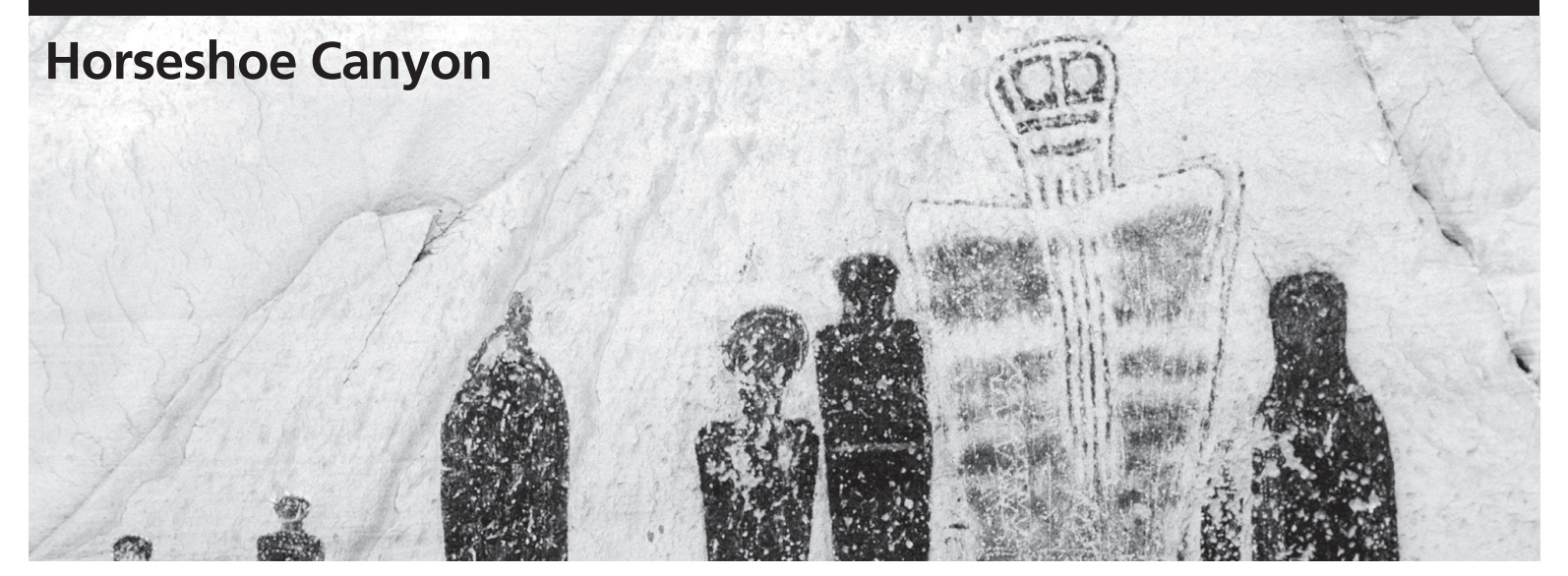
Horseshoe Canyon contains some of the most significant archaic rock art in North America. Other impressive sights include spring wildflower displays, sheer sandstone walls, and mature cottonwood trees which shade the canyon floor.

____

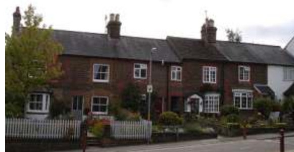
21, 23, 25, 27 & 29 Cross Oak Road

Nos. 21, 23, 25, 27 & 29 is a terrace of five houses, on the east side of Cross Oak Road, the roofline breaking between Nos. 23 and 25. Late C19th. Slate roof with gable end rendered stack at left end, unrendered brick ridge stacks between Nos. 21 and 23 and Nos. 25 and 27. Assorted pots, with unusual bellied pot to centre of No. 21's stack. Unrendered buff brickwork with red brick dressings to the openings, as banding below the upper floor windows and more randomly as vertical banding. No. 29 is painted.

____

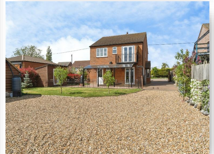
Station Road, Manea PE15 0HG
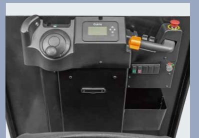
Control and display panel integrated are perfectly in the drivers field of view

____

● **Problem statement**: Look above for the line holding "21, 23, 25, 27 & 29 Cross Oak Road" and the line holding "Nos. 21, 23, 25, 27". Retype both, and every line between them, word for word and nothing else.

● **Answer space**:
21, 23, 25, 27 & 29 Cross Oak Road

Nos. 21, 23, 25, 27 & 29 is a terrace of five houses, on the east side of Cross Oak Road, the roofline breaking between Nos. 23 and 25. Late C19th. Slate roof with gable end rendered stack at left end, unrendered brick ridge stacks between Nos. 21 and 23 and Nos. 25 and 27. Assorted pots, with unusual bellied pot to centre of No. 21's stack. Unrendered buff brickwork with red brick dressings to the openings, as banding below the upper floor windows and more randomly as vertical banding. No. 29 is painted.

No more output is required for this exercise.